* **YOUR GOAL**: The required output is every line from the one containing "Тумба з умивальником" through the last line of the listing below, copied exactly, pictures excluded.

_ _ _

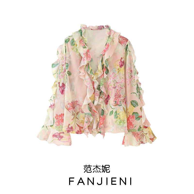 ZR外国貿易卸売り欧米風女装気質シンプルな花プリント積層飾り長袖シャツ3531317
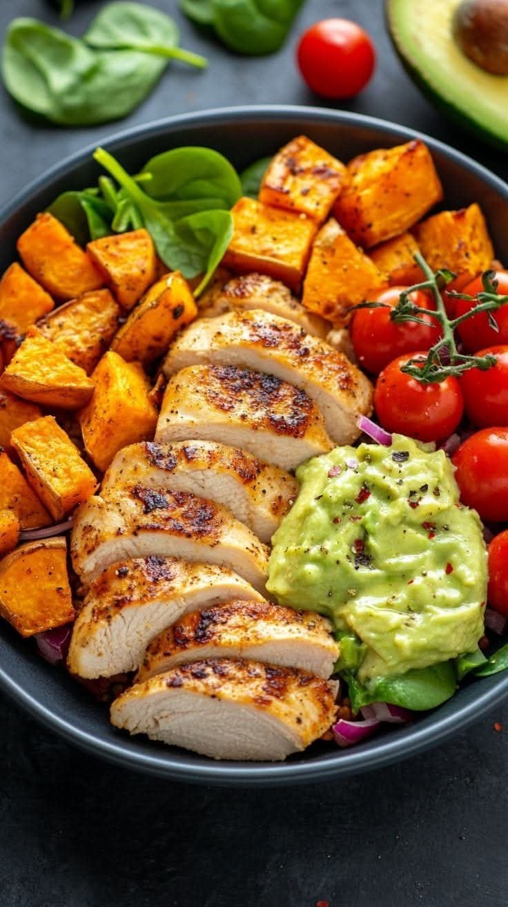 These Chicken and Sweet Potato Bowls are the ultimate wholesome and flavorful meal. Featuring roasted spiced sweet potatoes, juicy grilled or sauteed chicken, and a variety of customizable toppings over fluffy rice or greens—this bowl is hearty, balanced, and perfect for meal prep or a clean dinner. The natural sweetness of the sweet potatoes pairs beautifully with smoky spices and savory chicken.
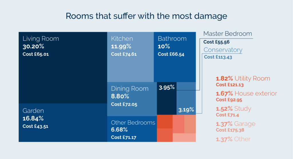 Our survey results highlight that accidents such as spills, stains and other damages to soft furnishings proved to be the most common form of damage. Though they were damaged less frequently, spaces like the utility room and the garage proved much more expensive to fix, with some costs coming in at as much as £175.
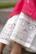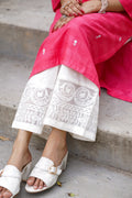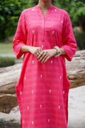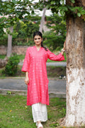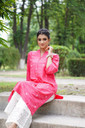 A graceful pink cotton kurta adorned with delicate white embroidery motifs styled in a straight cut with slits open for a modern yet descent look.
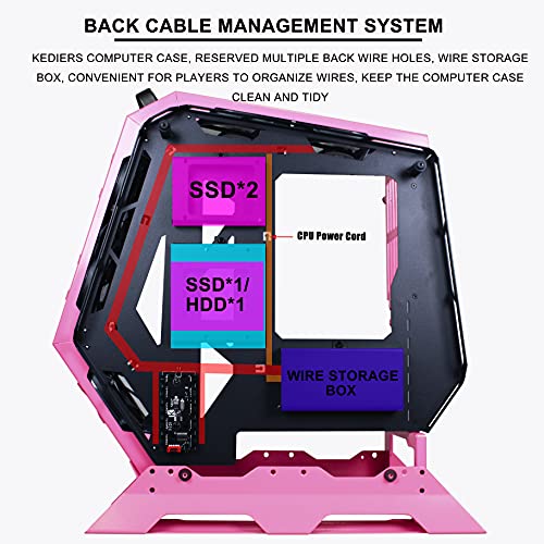 - [Potente sistema de enfriamiento] - KEDIERS La caja abierta de la computadora viene preinstalada con 7 ventiladores RGB-LED con dos anillos de luz: 3 frontales, 2 superiores, 2 laterales; El diseño abierto puede mantener la GPU baja continuamente, lo que hace que su computadora funcione sin problemas.
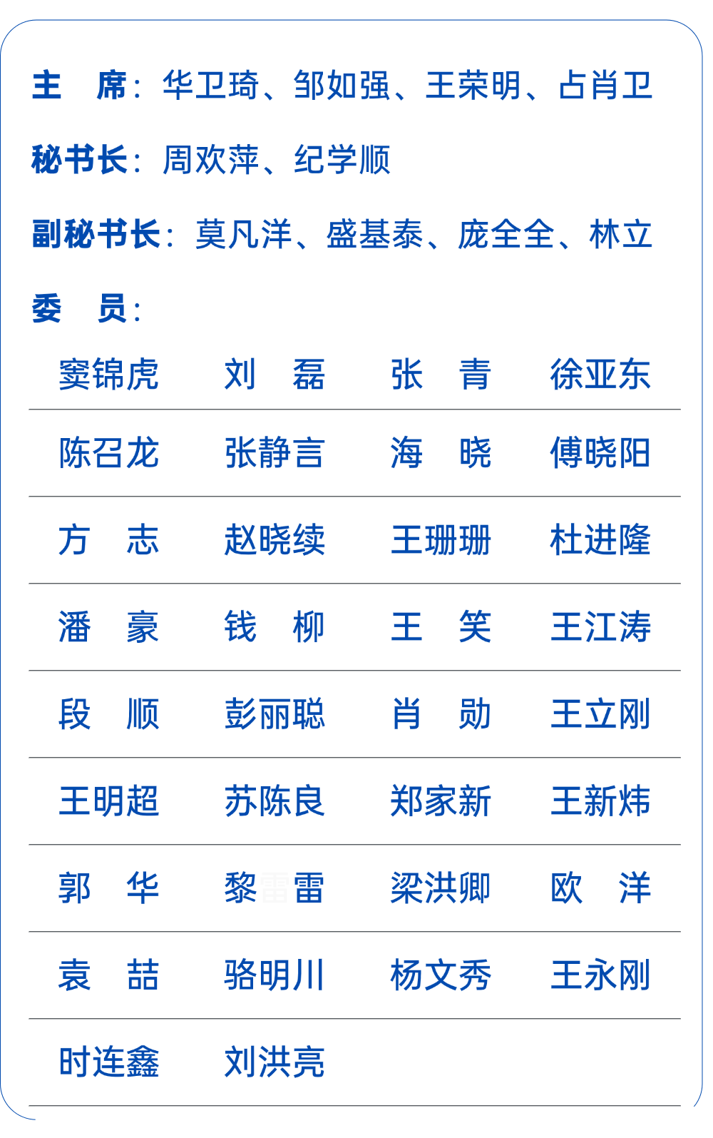 執(zhí)行主席:華衛(wèi)琦、鄒如強(qiáng)、王榮明、占肖衛(wèi)
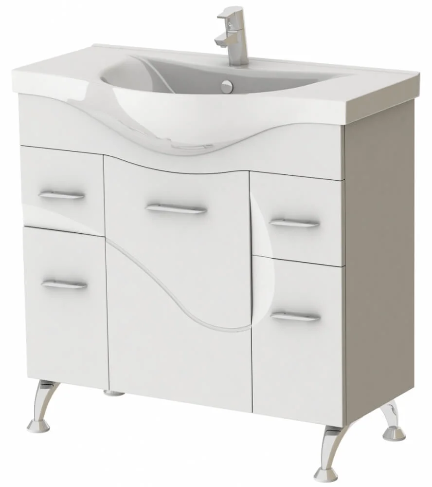 Тумба з умивальником призначена для підлогового встановлення та підходить для створення основного мийного вузла в ванній кімнаті. Білий глянцевий варіант візуально розширює простір.
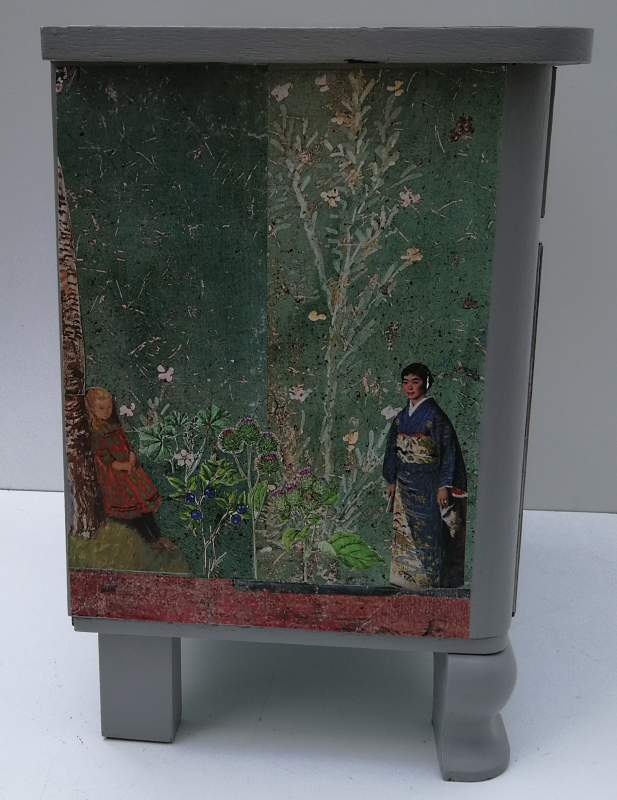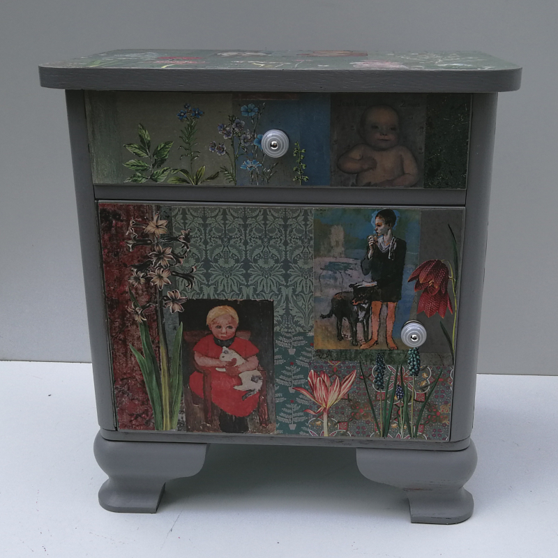 UNIKAT! Niedrige Kommode mit einer Schublade, einer Tür und Keramikknöpfen. Die Flächen sind gestaltet mit Ausschnitten aus Fresken und Kunstdrucken mit Kinderbildnissen. VERSAND MÖGLICH.
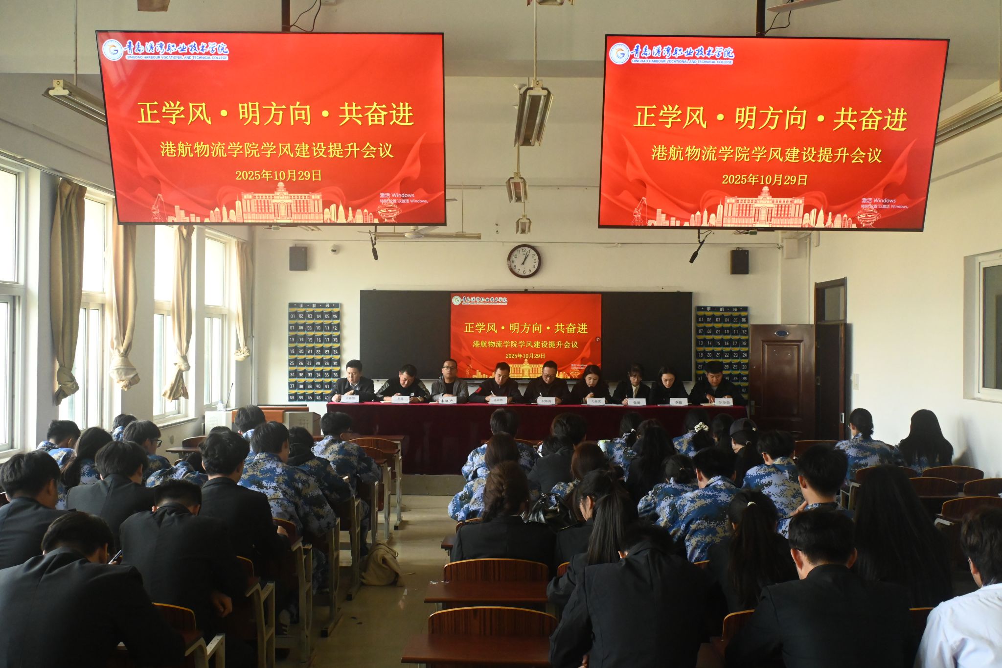 会上,勾仔芃宣读了《青岛港湾职业技术学院加强校风学风实施意见》,系统阐述了校风学风建设的总体要求与实施路径。李倩随后通报了各学院近期不规范行为排名清单,进一步明确纪律红线,增强学生的规矩意识。纪栋尚围绕学风建设作专题部署,从三个维度提出具体要求:在“正学风”方面,强调以班风促学风,严格落实一日生活制度,发挥学生干部的示范引领作用;在“明方向”方面,提出要结合企业用人需求,引导学生明确学习意义,树立自觉自主学习意识;在“共奋进”方面,号召全体同学积极维护集体荣誉,加强与任课教师的沟通互动,凝聚学风建设合力。

_ _ _

* **COMPLETED EXERCISE**:
 Тумба з умивальником призначена для підлогового встановлення та підходить для створення основного мийного вузла в ванній кімнаті. Білий глянцевий варіант візуально розширює простір.
 UNIKAT! Niedrige Kommode mit einer Schublade, einer Tür und Keramikknöpfen. Die Flächen sind gestaltet mit Ausschnitten aus Fresken und Kunstdrucken mit Kinderbildnissen. VERSAND MÖGLICH.
 会上,勾仔芃宣读了《青岛港湾职业技术学院加强校风学风实施意见》,系统阐述了校风学风建设的总体要求与实施路径。李倩随后通报了各学院近期不规范行为排名清单,进一步明确纪律红线,增强学生的规矩意识。纪栋尚围绕学风建设作专题部署,从三个维度提出具体要求:在“正学风”方面,强调以班风促学风,严格落实一日生活制度,发挥学生干部的示范引领作用;在“明方向”方面,提出要结合企业用人需求,引导学生明确学习意义,树立自觉自主学习意识;在“共奋进”方面,号召全体同学积极维护集体荣誉,加强与任课教师的沟通互动,凝聚学风建设合力。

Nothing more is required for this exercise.